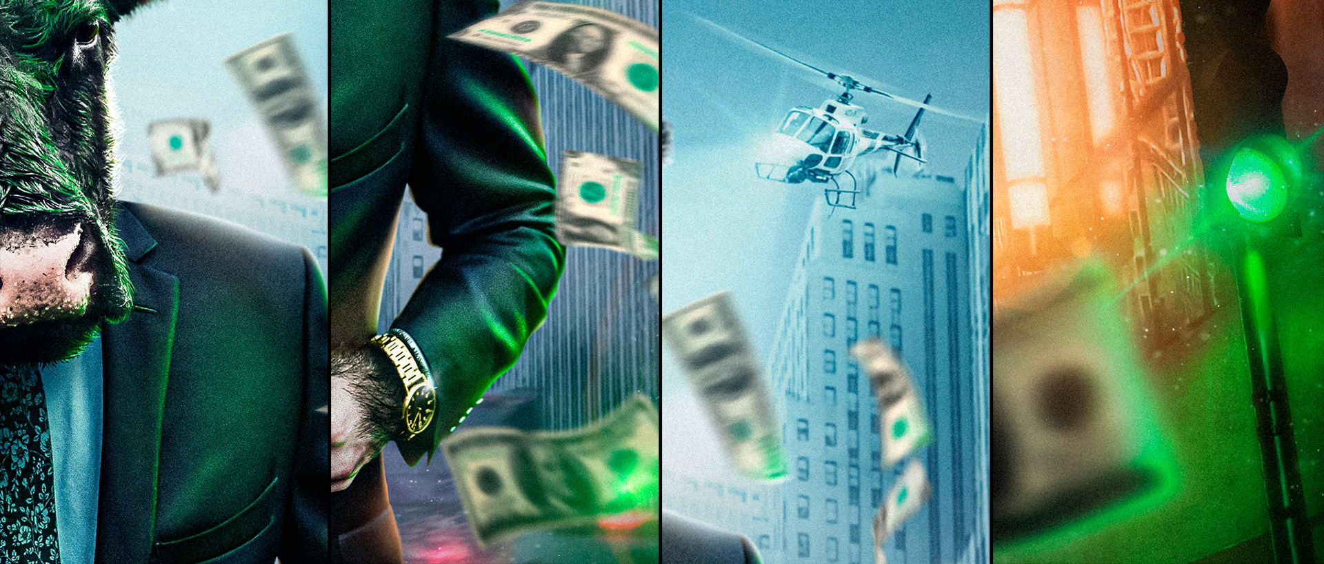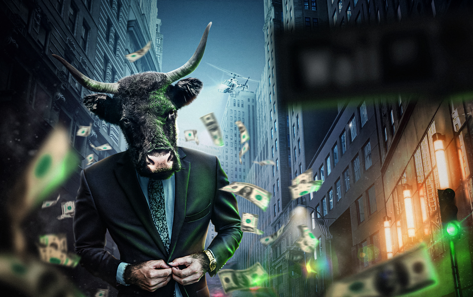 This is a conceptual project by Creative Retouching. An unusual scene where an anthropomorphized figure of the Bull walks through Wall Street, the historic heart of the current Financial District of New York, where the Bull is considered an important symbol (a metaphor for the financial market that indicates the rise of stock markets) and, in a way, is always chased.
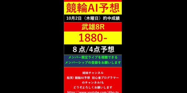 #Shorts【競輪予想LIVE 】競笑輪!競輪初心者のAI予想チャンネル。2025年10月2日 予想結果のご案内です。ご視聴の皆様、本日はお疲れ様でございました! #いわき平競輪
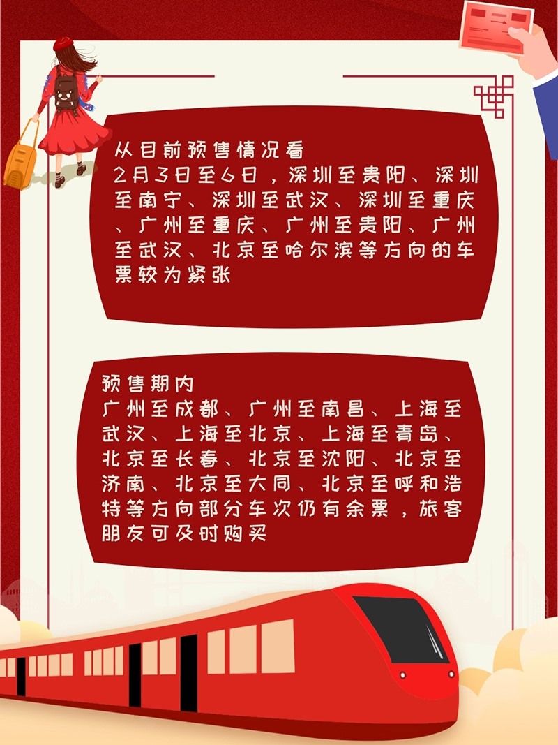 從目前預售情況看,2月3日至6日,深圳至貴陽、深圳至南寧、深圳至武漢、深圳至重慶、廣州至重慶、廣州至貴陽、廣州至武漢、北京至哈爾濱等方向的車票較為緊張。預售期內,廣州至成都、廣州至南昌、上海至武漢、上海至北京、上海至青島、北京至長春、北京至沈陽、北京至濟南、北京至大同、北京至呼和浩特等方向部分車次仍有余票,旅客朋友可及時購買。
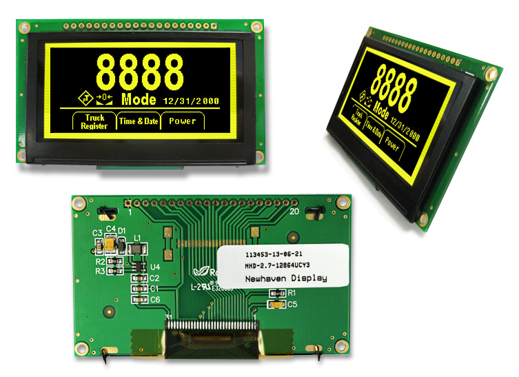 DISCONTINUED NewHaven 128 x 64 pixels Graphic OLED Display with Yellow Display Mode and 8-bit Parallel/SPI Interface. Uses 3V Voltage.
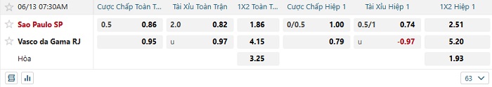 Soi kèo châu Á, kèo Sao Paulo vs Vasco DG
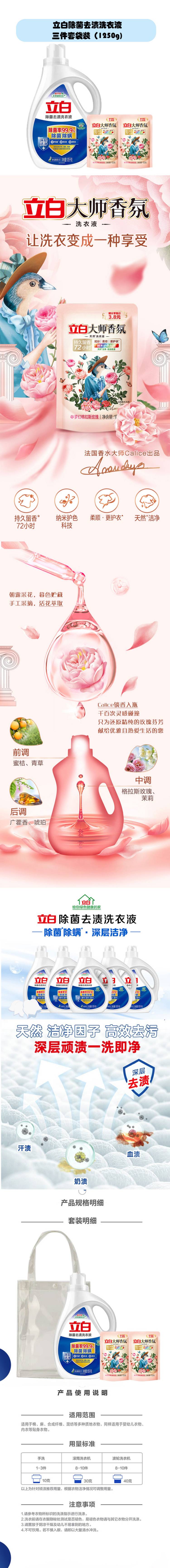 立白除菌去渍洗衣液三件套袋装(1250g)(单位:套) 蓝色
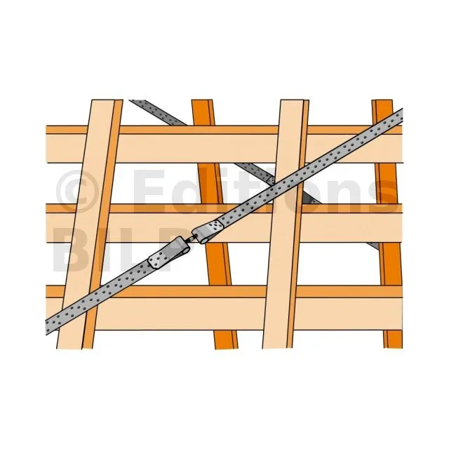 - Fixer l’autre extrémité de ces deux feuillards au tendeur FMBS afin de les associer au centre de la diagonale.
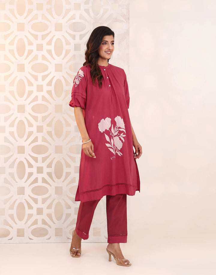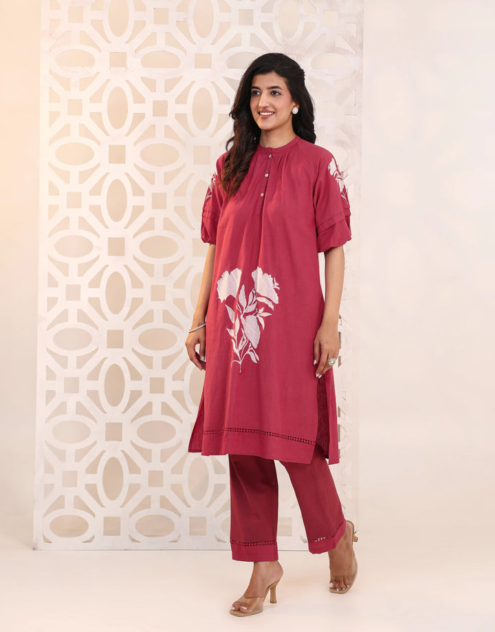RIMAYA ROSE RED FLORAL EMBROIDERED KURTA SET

===============

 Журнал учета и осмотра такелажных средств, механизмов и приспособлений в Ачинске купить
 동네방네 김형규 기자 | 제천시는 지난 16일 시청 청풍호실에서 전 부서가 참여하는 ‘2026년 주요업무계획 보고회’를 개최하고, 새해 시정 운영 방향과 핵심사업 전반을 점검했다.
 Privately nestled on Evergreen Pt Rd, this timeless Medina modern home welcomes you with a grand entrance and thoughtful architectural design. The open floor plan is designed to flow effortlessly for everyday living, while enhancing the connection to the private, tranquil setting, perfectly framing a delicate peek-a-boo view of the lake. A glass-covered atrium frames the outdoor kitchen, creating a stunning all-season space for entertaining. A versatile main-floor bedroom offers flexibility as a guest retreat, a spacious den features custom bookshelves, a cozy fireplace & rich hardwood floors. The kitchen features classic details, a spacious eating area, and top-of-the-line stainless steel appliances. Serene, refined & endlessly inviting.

===============

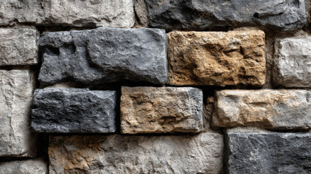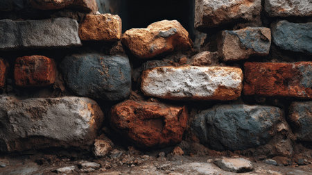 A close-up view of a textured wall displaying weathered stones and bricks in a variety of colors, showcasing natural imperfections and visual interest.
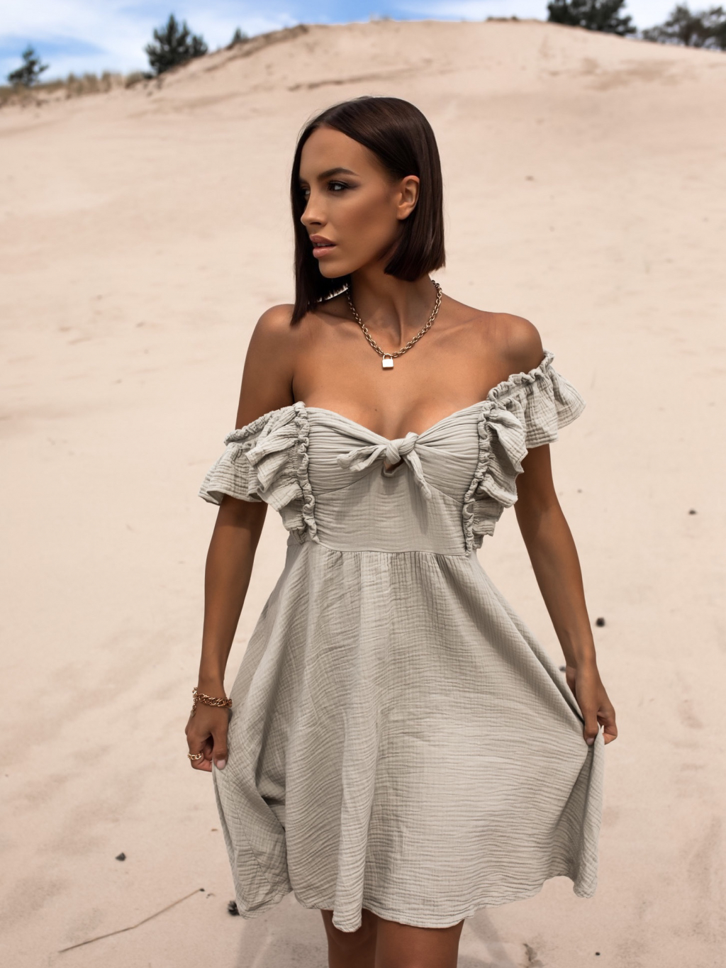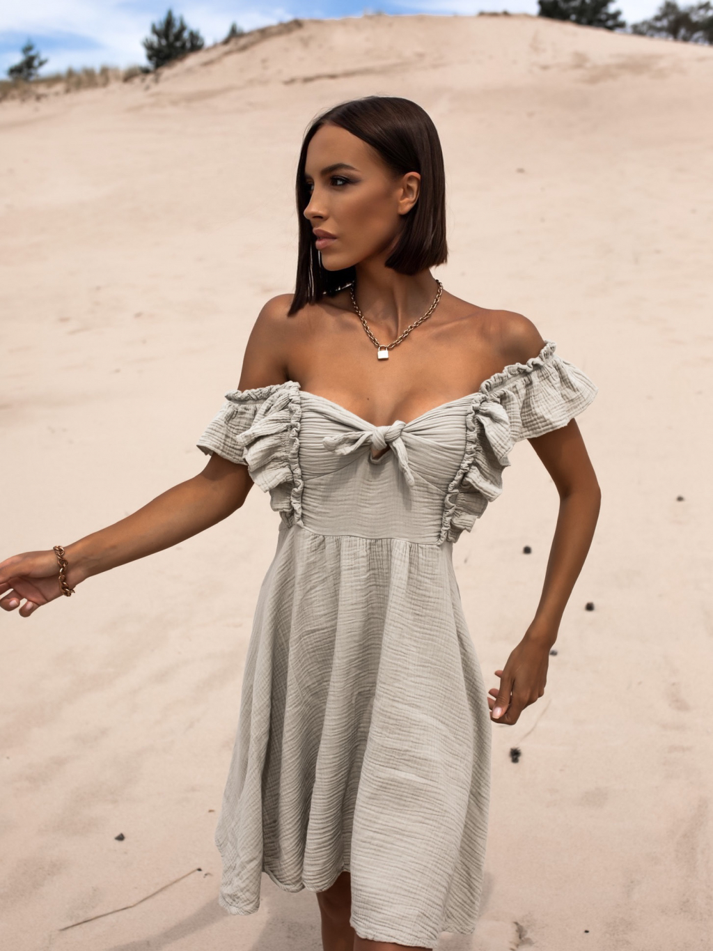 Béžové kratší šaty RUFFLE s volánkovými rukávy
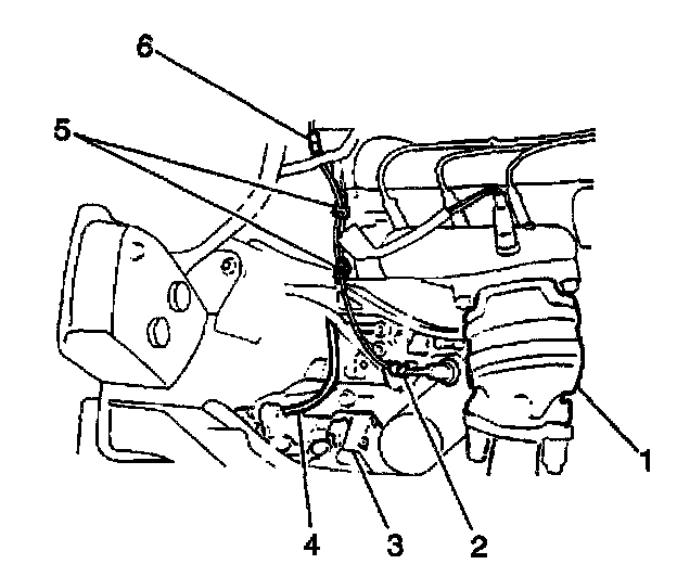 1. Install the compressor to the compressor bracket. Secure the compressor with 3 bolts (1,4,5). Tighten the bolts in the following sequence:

===============

Task directions:
Repeat only the stretch of data above that runs from the line with "This is a conceptual" to the line with "- Fixer l’autre". Keep both end lines; exclude pictures.

Written solution:
 This is a conceptual project by Creative Retouching. An unusual scene where an anthropomorphized figure of the Bull walks through Wall Street, the historic heart of the current Financial District of New York, where the Bull is considered an important symbol (a metaphor for the financial market that indicates the rise of stock markets) and, in a way, is always chased.
 #Shorts【競輪予想LIVE 】競笑輪!競輪初心者のAI予想チャンネル。2025年10月2日 予想結果のご案内です。ご視聴の皆様、本日はお疲れ様でございました! #いわき平競輪
 從目前預售情況看,2月3日至6日,深圳至貴陽、深圳至南寧、深圳至武漢、深圳至重慶、廣州至重慶、廣州至貴陽、廣州至武漢、北京至哈爾濱等方向的車票較為緊張。預售期內,廣州至成都、廣州至南昌、上海至武漢、上海至北京、上海至青島、北京至長春、北京至沈陽、北京至濟南、北京至大同、北京至呼和浩特等方向部分車次仍有余票,旅客朋友可及時購買。
 DISCONTINUED NewHaven 128 x 64 pixels Graphic OLED Display with Yellow Display Mode and 8-bit Parallel/SPI Interface. Uses 3V Voltage.
 Soi kèo châu Á, kèo Sao Paulo vs Vasco DG
 立白除菌去渍洗衣液三件套袋装(1250g)(单位:套) 蓝色
 - Fixer l’autre extrémité de ces deux feuillards au tendeur FMBS afin de les associer au centre de la diagonale.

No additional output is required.